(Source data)
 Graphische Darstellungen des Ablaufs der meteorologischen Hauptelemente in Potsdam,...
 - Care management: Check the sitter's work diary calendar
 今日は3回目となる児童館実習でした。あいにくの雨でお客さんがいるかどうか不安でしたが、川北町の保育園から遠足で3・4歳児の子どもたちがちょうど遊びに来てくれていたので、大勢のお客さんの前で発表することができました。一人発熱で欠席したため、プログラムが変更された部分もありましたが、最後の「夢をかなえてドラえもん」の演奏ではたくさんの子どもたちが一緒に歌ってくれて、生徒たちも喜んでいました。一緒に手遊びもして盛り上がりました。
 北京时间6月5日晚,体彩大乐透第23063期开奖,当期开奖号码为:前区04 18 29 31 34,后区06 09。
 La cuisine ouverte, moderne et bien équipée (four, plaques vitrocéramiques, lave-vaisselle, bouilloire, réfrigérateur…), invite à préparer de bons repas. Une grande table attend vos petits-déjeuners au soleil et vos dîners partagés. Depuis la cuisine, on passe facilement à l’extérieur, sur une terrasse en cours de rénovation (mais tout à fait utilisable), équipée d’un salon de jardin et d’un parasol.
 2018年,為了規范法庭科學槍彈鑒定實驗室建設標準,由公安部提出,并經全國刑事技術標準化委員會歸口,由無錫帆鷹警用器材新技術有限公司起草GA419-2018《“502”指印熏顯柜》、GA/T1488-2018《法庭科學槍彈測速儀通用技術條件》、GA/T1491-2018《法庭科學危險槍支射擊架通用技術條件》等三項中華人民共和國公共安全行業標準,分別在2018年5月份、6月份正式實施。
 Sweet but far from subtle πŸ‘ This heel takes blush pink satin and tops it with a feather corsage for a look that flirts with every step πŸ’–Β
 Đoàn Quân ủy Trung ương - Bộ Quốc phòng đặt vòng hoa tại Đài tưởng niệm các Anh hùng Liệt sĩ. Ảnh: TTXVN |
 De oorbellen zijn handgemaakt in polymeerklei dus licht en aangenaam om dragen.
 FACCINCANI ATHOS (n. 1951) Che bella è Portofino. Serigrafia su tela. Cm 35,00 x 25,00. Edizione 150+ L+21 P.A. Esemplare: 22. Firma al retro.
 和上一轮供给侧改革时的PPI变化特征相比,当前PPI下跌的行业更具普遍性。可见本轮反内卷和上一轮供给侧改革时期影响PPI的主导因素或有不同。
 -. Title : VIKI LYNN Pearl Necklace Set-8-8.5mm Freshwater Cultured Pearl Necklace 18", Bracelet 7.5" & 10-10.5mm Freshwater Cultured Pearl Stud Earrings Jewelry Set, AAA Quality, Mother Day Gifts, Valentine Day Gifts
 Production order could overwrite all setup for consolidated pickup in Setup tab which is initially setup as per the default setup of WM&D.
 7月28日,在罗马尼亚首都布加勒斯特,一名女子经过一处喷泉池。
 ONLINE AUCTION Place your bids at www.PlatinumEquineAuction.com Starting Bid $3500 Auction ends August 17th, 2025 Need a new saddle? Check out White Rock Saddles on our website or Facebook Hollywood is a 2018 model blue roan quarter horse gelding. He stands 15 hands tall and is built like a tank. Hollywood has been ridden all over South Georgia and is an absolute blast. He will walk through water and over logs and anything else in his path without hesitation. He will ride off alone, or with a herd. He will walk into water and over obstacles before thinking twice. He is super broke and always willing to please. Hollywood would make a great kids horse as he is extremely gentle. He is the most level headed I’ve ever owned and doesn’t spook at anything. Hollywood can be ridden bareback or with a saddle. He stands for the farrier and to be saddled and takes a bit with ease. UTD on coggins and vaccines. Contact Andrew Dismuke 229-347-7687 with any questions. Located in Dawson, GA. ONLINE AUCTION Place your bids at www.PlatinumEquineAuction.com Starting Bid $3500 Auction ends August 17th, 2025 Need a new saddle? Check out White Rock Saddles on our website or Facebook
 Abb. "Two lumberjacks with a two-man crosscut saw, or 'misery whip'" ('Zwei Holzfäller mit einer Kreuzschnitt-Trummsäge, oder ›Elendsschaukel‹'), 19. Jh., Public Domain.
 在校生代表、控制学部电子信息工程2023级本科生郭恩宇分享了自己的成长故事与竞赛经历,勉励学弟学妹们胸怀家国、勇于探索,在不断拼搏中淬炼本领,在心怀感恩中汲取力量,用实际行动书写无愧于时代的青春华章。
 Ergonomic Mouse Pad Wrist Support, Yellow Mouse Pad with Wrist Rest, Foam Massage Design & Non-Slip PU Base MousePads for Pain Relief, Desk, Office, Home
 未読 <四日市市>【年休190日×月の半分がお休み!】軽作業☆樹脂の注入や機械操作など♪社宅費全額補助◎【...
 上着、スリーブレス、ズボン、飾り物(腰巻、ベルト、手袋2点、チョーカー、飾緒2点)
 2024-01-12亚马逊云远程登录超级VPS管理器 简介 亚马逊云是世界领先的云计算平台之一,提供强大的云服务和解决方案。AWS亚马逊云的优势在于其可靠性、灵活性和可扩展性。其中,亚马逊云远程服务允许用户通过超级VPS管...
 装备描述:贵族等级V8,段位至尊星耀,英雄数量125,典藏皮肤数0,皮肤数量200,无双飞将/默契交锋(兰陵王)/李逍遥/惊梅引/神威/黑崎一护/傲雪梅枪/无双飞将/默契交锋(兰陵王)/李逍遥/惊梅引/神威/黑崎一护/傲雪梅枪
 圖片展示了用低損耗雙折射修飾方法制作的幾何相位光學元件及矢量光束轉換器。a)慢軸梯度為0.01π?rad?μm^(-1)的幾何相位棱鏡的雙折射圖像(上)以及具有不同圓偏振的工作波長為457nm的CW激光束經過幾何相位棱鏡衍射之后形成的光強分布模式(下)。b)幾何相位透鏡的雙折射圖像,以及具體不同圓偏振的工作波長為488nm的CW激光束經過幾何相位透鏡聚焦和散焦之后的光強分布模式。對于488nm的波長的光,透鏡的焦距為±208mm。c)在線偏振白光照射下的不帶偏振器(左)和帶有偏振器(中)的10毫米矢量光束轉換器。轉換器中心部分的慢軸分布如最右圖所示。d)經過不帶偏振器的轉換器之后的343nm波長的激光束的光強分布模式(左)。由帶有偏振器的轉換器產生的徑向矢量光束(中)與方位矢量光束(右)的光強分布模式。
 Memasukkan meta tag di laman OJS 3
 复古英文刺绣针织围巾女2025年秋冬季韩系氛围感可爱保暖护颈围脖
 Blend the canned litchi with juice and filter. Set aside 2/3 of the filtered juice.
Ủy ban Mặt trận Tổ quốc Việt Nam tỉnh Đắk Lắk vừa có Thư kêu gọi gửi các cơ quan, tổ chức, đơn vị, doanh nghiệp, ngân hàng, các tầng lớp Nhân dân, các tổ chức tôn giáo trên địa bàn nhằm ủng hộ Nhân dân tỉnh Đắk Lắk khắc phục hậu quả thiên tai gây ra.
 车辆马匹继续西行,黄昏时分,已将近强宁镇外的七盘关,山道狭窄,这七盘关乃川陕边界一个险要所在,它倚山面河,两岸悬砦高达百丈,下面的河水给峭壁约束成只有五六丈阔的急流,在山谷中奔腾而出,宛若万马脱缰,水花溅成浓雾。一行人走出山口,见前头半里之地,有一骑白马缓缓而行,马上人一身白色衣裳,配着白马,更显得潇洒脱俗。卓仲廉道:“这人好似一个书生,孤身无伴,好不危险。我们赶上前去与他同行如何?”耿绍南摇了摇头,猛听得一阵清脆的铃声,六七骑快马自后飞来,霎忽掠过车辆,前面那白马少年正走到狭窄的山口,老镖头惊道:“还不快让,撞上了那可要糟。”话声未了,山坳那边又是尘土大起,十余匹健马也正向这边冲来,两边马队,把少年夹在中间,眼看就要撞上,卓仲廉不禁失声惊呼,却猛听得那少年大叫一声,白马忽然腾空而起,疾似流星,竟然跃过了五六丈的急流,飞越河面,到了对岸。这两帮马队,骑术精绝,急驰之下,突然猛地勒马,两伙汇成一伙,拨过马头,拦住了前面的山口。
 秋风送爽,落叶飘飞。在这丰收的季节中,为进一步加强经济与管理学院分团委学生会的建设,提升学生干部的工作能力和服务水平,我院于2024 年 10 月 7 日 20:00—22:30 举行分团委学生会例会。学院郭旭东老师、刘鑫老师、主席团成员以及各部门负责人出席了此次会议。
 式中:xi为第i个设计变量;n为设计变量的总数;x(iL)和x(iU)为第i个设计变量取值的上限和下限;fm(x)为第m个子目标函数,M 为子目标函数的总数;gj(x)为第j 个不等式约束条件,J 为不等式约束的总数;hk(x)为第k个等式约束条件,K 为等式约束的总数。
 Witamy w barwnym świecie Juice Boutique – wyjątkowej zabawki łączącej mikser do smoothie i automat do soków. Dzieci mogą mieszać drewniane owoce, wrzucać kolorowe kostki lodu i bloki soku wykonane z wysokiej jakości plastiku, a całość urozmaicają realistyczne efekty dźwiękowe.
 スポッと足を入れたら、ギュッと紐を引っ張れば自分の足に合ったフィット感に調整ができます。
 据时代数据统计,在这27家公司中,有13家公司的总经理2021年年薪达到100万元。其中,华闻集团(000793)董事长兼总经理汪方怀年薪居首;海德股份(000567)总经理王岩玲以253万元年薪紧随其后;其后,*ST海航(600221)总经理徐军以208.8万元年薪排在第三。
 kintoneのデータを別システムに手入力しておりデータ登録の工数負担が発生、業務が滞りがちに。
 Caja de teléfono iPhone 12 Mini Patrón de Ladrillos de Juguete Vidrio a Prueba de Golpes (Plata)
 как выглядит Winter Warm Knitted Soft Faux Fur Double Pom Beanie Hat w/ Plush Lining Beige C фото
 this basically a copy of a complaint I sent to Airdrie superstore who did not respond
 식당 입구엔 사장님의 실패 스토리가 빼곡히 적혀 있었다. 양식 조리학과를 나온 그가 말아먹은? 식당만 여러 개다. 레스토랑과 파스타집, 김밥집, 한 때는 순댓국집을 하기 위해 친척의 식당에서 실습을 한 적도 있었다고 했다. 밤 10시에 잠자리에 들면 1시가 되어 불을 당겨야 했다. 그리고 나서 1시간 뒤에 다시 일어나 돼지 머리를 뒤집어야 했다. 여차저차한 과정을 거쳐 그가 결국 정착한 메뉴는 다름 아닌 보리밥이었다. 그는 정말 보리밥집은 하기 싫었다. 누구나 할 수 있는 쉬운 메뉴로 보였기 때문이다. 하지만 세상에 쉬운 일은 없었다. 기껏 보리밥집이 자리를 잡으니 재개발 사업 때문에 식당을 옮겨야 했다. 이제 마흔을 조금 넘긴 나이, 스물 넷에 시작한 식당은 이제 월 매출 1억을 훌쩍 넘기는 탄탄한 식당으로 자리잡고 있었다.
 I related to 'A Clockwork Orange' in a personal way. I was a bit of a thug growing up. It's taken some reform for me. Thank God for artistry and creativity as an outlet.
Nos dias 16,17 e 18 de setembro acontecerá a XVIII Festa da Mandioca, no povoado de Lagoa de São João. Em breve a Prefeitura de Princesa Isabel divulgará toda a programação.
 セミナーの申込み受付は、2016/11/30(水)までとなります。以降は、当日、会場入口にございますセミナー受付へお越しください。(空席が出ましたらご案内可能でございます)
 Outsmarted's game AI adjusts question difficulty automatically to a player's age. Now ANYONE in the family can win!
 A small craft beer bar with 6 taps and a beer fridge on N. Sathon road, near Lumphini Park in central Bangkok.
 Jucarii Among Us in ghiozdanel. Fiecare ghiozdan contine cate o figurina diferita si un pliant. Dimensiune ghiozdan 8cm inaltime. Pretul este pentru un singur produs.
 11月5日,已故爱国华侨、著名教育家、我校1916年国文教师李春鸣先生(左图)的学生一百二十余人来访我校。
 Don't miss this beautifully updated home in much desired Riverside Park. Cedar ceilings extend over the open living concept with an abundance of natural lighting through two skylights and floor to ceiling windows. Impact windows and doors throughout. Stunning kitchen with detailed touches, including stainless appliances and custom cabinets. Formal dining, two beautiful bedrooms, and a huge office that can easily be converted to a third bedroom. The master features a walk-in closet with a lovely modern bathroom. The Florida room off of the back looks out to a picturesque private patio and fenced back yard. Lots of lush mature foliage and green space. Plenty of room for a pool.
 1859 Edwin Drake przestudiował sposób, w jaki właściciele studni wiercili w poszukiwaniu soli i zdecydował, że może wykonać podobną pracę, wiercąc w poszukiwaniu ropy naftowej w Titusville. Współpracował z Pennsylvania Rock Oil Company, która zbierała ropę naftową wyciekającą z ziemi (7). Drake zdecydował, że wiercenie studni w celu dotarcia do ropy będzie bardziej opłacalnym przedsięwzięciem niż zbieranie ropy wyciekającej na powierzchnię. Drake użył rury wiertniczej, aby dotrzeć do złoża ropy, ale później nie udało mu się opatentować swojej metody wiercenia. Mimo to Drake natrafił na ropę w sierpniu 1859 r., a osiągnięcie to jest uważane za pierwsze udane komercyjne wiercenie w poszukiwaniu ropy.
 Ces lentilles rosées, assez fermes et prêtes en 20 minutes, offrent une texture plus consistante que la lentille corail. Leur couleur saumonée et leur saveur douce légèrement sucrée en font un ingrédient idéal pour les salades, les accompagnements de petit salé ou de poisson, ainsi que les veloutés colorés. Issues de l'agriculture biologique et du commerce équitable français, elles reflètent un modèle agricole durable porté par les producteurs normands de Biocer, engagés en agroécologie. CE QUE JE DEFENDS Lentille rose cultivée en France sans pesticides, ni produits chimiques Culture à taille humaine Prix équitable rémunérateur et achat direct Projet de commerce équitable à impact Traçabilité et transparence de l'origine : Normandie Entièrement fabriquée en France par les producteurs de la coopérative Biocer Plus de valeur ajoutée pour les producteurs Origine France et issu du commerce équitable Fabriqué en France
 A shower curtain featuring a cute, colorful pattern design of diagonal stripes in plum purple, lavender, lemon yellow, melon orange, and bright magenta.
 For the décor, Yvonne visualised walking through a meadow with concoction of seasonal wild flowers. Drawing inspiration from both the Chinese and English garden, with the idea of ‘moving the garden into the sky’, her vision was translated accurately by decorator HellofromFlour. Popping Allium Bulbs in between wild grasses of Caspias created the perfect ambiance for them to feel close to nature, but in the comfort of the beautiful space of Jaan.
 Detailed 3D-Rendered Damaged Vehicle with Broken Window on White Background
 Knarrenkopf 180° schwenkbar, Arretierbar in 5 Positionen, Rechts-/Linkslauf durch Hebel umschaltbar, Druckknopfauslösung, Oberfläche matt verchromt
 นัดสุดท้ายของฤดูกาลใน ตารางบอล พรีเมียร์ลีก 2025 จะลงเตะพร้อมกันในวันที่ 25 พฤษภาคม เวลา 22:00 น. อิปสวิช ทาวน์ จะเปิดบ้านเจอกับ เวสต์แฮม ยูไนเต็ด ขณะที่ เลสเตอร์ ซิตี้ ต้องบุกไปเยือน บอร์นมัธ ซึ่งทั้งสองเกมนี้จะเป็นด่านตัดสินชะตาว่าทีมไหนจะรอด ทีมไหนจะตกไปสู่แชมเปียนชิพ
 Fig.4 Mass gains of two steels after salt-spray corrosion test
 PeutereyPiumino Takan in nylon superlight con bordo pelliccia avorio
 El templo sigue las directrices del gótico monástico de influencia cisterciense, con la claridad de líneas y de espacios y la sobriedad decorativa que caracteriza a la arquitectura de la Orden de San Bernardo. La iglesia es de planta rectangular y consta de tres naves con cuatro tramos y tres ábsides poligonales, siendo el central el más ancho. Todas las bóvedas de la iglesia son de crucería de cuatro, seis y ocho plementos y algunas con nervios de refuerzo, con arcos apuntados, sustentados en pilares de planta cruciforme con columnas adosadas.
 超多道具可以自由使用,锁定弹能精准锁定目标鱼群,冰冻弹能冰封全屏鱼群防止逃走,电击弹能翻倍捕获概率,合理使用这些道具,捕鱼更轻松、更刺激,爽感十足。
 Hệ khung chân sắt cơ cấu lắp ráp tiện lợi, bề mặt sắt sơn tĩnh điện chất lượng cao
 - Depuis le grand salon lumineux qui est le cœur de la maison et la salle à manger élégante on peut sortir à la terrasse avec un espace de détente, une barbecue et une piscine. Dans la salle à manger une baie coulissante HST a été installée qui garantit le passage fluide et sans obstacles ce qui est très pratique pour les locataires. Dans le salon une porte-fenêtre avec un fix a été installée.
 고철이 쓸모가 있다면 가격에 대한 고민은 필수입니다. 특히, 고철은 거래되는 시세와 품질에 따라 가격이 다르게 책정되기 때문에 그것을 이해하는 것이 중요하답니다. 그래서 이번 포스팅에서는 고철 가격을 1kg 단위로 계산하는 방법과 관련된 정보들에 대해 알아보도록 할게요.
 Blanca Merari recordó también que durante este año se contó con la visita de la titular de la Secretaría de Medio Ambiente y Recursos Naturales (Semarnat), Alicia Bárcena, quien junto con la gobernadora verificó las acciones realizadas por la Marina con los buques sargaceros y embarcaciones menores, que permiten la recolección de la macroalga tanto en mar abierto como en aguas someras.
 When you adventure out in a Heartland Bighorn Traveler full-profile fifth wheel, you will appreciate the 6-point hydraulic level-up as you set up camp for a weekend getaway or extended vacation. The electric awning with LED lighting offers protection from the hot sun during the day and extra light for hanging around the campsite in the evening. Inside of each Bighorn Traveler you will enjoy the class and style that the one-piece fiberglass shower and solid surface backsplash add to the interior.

**Requirement**
From the records above, transcribe without alteration every line from the one with "复古英文刺绣针织围巾女2025年秋冬季韩系氛围感可爱保暖护颈围脖" to the one with "Blend the canned", inclusive.

**Worked solution**
 复古英文刺绣针织围巾女2025年秋冬季韩系氛围感可爱保暖护颈围脖
 Blend the canned litchi with juice and filter. Set aside 2/3 of the filtered juice.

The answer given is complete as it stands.